먼저, 도 5를 참조하면, 본 발명에 따른 학습 과정은 S101 내지 S104를 포함할 수 있으며, 학습부(451)에 의해 제어될 수 있다. 즉, 학습부(451)는 3차원 영상 카메라(100)로부터 획득한 3차원 깊이 영상 및 인체 관절 정보를 이용하여 이상 이벤트 탐지를 위한 딥 러닝 모델인 이벤트 인지 모델을 생성하는 학습 과정을 수행할 수 있다.First, referring to FIG. 5 , the learning process according to the present invention may include steps S101 to S104 and may be controlled by the learning unit 451 . That is, the learning unit 451 may perform a learning process of generating an event recognition model, which is a deep learning model for detecting abnormal events, using the 3D depth image and human joint information obtained from the 3D image camera 100 . there is.

즉, S101에서, 3차원 영상 카메라(100)로부터 3차원 깊이 영상을 취득하며, 해당 3차원 깊이 영상에 나타난 인물에 대한 인체 관절 정보를 취득한다. 이때, 인체 관절 정보는 해당 3차원 깊이 영상에 대한 영상 처리를 통해 취득된 것으로서, 해당 화면 상의 인물에 대한 관절 위치에 대한 정보이며, 영상 정보일 수 있다. That is, in S101, a 3D depth image is acquired from the 3D imaging camera 100, and human joint information about a person displayed in the 3D depth image is acquired. In this case, the human joint information is obtained through image processing on the corresponding 3D depth image, and is information on the joint position of the person on the corresponding screen, and may be image information.

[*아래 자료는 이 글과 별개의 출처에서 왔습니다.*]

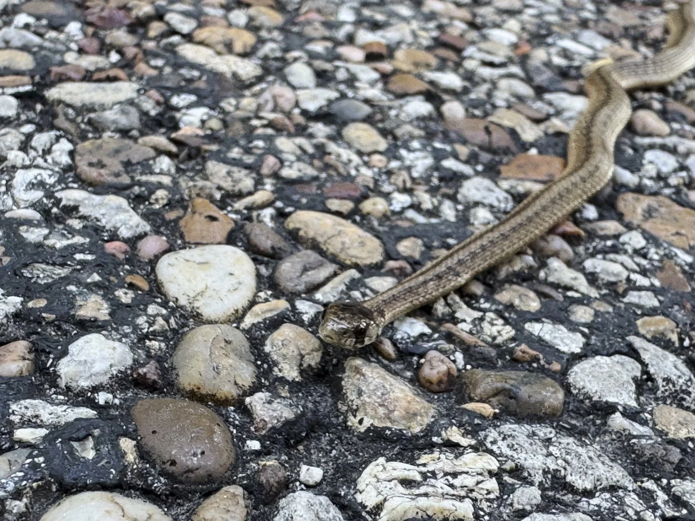 May 9, 2025 Friday - We came across this little guy on our morning walk. At first, I thought maybe it was dead because it wasn’t moving at all. The dogs didn’t even notice him in the middle of the road. When I realized he was alive, I thought to move him to the side of the road but thought I’d leave him be. It was just a couple of minutes later on our way back when we passed, and he was nowhere to be found.
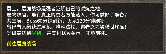 另外,游戲還提供了一些特色玩法,比如怪物強度很高的屠魔戰場可獲取屠龍系列裝備;PVE玩累了又不想真刀真槍PVP的話,可以去武林大會點到為止地大戰一番;還有參與行會爭霸去爭奪屠龍級武器的獎勵,重現團隊榮耀與歸屬感,等等。
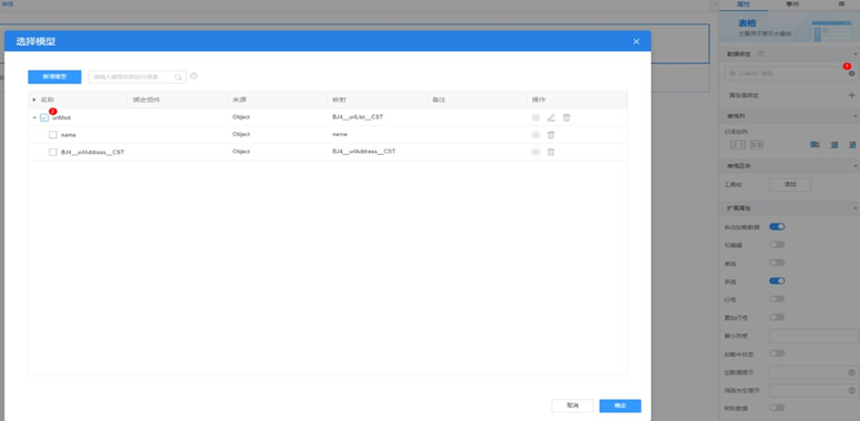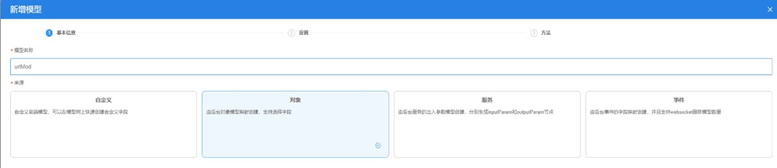 (2)单击“新增模型”,输入模型名称、“来源”选择“对象”,单击“下一步”。
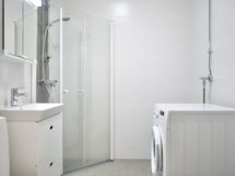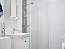 - Kylpyhuone, suihku, pesukoneliitäntä, peilikaappi. Lattia: Laatta. Seinät: Laatta
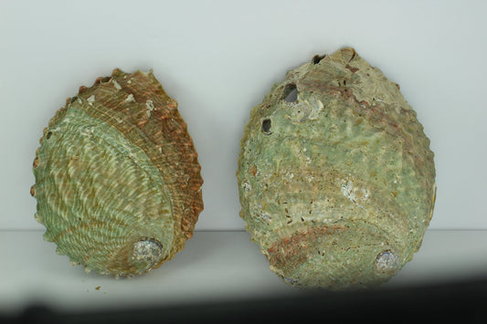 Green Abalone Shells 2 Rainbow Iridescent 5 1/2" 4 3/4" Shell Art Collectibles
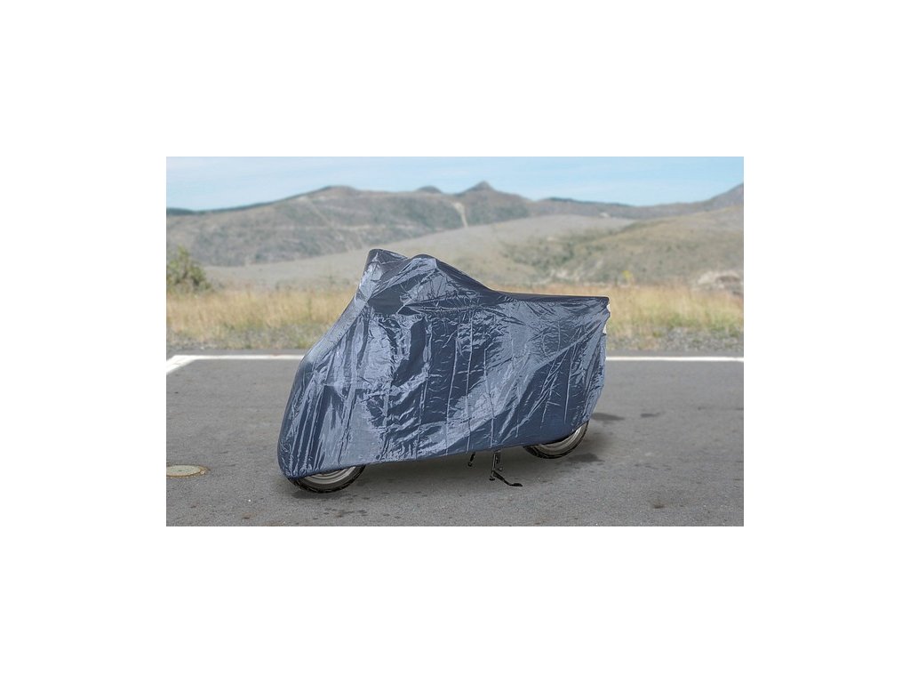 Prodyšná plachta na motocykl, vhodná proti prachu i znečištění. Jednoduché univerzální upevnění pomocí všité gumy.
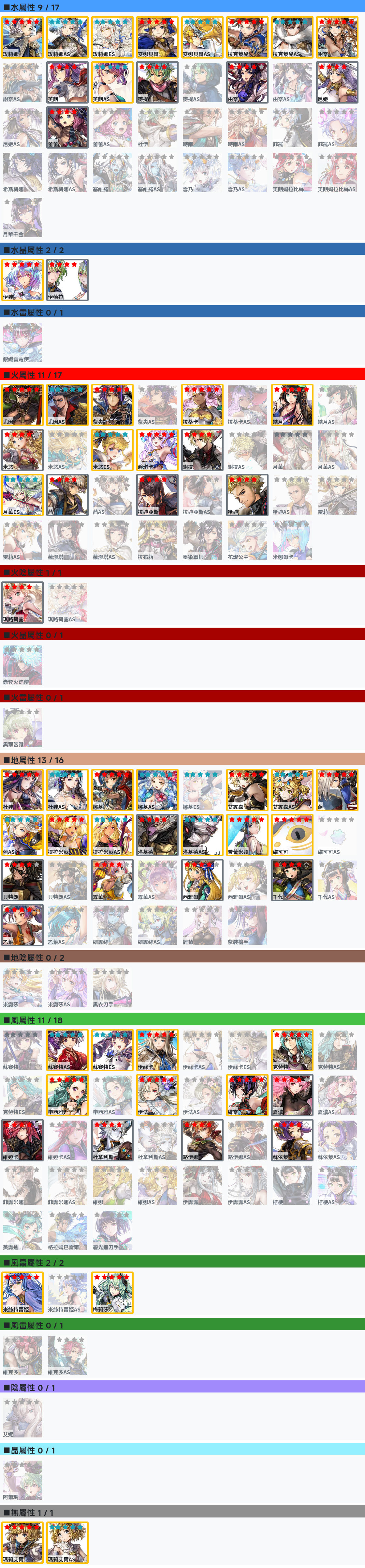 图上没有的角色还有已觉醒: es7616,仙华,as玆尔巴未觉醒: ac莲莉,es安娜,as病娇老角色和配布觉醒: 渣猫,梅丽娜刚回归没多久,角色还认不全,希望大佬们能给个自选的建议
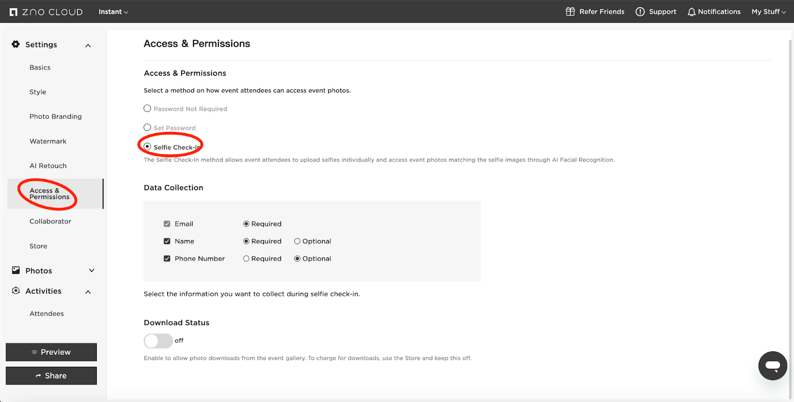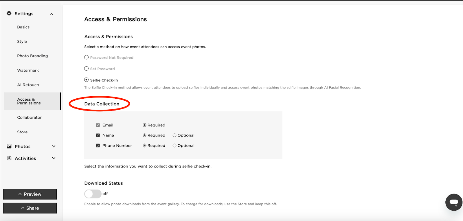 Mientras estás en esta pantalla, verás una sección donde puedes seleccionar qué datos recopilarás junto con la selfie. El correo electrónico es obligatorio, pero puedes configurar el número de teléfono y el nombre del invitado como requeridos u opcionales en el formulario que deberán completar al enviar su selfie.
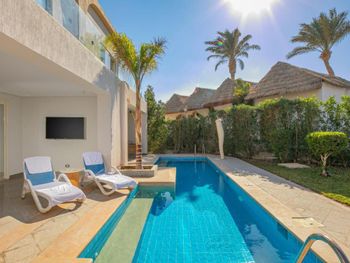 К услугам гостей 4-звездочного курортного отеля частный пляж на берегу Красного моря, номера и бунгало с кондиционером с террасой Среди удобств открытый бассейн, окруженный ландшафтным садом, и оздоровительный клуб.

가령, 인체 관절 정보는 다양한 인체 관절 추출 알고리즘을 이용하여 취득될 수 있다. 또는, 인체 관절 정보는 딥 러닝 기법을 통해 학습된 딥 러닝 모델을 이용하여 취득될 수 있다. 이 경우, 해당 딥 러닝 모델은 인물을 포함하는 3차원 깊이 영상의 입력 데이터와, 해당 3차원 깊이 영상에서 해당 인물의 인체 관절 정보에 대한 결과 데이터를 포함한 학습 데이터를 이용해 딥 러닝 기법에 따라 학습될 수 있다. 이와 같이 학습된 딥 러닝 모델은 3차원 깊이 영상이 입력되는 경우, 그에 대한 인체 관절 정보를 결과값으로 생성할 수 있다.For example, human joint information may be acquired using various human joint extraction algorithms. Alternatively, the human joint information may be acquired using a deep learning model learned through a deep learning technique. In this case, the deep learning model is to be learned according to the deep learning technique using the input data of the 3D depth image including the person and the learning data including the result data on the joint information of the person in the 3D depth image. can When a three-dimensional depth image is input, the deep learning model learned in this way may generate human joint information about it as a result value.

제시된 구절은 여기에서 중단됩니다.